I can’t agree more about importance of open sourcing in biotechnology. Lack of money prevents lot of scientist and laboratories around the world from conducting experiments that could potentially improve human life either through faster drug development, or safer and more successful food production. Shared data could accelerate R&D by saving time and resources.

Here are examples of currently used open source databases:

Open source databases used in cheminformatics:

*Chemistry Development Kit (CDK)

This database is open source library for chemoinformatics and bioinformatics. It was developed at the University of Notre Dame in 2000. So far, 75 people contributed to the project. As from 2012, CDK is supported by InChI Trust (promotes and improves the International Chemical Identifier standard).

Main features:

• 3D geometry generation
• substructure search using exact structures and SMARTS-like queries
• QSAR descriptor calculation
• fingerprint calculation
• protein active site detection
• cognate ligand detection
• metabolite identification
• pathway databases

*JOELib

JOELib software is mainly used for conversion of chemical file formats. All Java supporting systems could use JOELib.

Main features:

• Query and substructure search
• Clique Detection
• QSAR
• Feature/descriptor calculation
• Fingerprint calculation
• Chemical file formats

Open source databases used in microscope image processing:

*CellProfiler

CellProfiler is free software designed to read and analyze microscopically obtained images (obtained through fluorescent microscopy, for example). When object of interest is identified, it could be further analyzed in more details.

*ImageJ

ImageJ is developed by National Institute of Health. It’s Java based program designed for image processing. It’s used in 3D live-cell imaging and radiological imaging to edit, process and analyze obtained images. Also, ImageJ can be used for comparison of multiple imaging… It supports number of formats: TIFF, PNG, GIF, JPEG, BMP, FITS...

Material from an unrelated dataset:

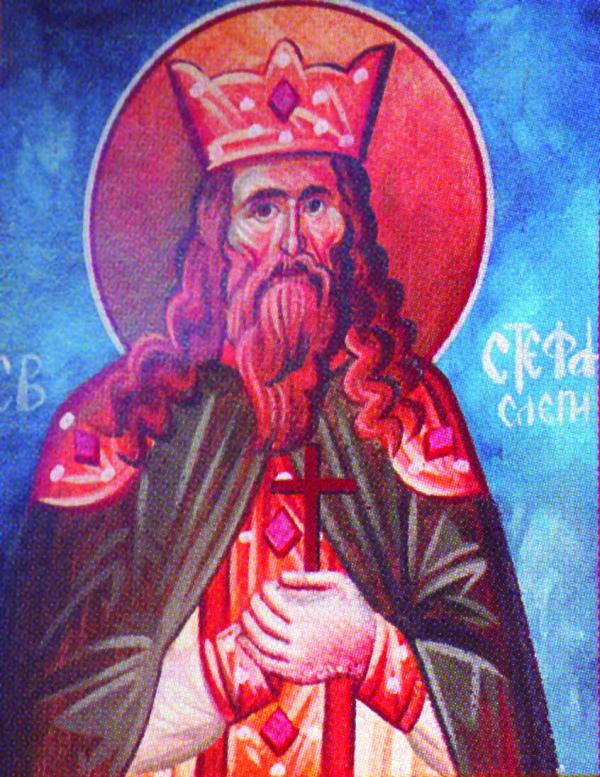 Свети Стефан Српски је био син деспота Ђурђа и Јерине Бранковић. Ђурађ је дао своју кћерку Мару за жену султану Мурату II, као жртву за спас народа и отаџбине. Касније је Мурат II узео Марину браћу Стефана и Гргура за таоце и ослепио их. Деспотску власт над Србијом примио је 1458. године, по упокојењу најмлађег брата Лазара, деспота. Ускоро је морао да се склони у Албанију, где се оженио Ангелином, Скендербеговом свастиком. Слеп и дубоко несрећан, али увек предан Богу, упокојио се 1468. године у Италији. Његове нетрулежне и чудотворне мошти Турцу су сасекли и запалили заједно са манастиром Крушедолом 1716.године. Остатак моштију му почива у обновљеном манастиру Крушедолу на Фрушкој гори, задужбини његовог сина Максима.

Open source databases used in molecular dynamics:

*Ascalaph Designer

Ascalaph Designer is software developed for molecular modeling and simulation. Some of the features are associated with molecular dynamics and quantum chemistry. It’s mainly applied in modeling and building of polymers like nano-tubes, proteins, nucleic acids, lipid bilayers….

*GROMACS

GROMACS (GROningen MAchine for Chemical Simulations) is developed at the University of Groningen to be used in simulation of proteins, lipids and nucleic acids. It’s one of the fastest and most popular software in molecular dynamics field.

Open source databases used for viewing of molecules:

*Jmol

Jmol is Java based molecular viewer for 3D chemical structures. “Applets” is popular feature of Jmol that allows displaying molecules in a variety of ways: "ball and stick" models, "space filling" models, "ribbon" models…It supports a wide range of molecular file formats including pdb, cif, mol, CML....

*PyMOL

PyMOL is molecular visualization system designed by Warren Lyford DeLano who wanted to incorporate open source practice in medical field as much as possible. This tool is used in molecular modeling and can produce high quality 3D images of various molecules. PyMOL is applicable in structural biology associated research. It’s free of charge for scientific and educational communities.

Open source databases used in biology:

*Systems Biology Ontology (SBO)

Systems Biology Ontology is set of terms commonly used in systems biology, especially in computational modeling. It’s part of the BioModels.net that define standards for model curation, vocabularies for annotating models and provide publicly accessible database of annotated, computational models in SBML and other structured formats. SBO is designed by Computational Neurobiology Group (UK) and the SBML Team (USA); it’s funded by European Molecular Biology Laboratory and the National Institute of General Medical Sciences.

*UGENE

Ugene is open source bioinformatics software with integrated (well known) biological tools and algorithms.

Main features:

• Creating, editing and annotating nucleic acid and protein sequences
• Multiple sequence alignment: Clustal, MUSCLE, Kalign, MAFFT, T-Coffee
• Restriction analysis with integrated REBASE restriction enzyme database
• Integrated Primer3 package for PCR primers design
• Search for direct, inverted and tandem repeats in DNA sequences
• Search for transcription factor binding sites with weight matrix and SITECON algorithms
• Search for ORFs
• Cloning in silico
• Protein secondary structure prediction with GOR IV and PSIPRED algorithms
• Building and viewing phylogenetic trees
• Local sequence alignment with optimized Smith-Waterman algorithm
• Visualization of next generation sequencing data using UGENE Assembly Browser

Number of open source databases is large and I hope that their number will increase even more in the future.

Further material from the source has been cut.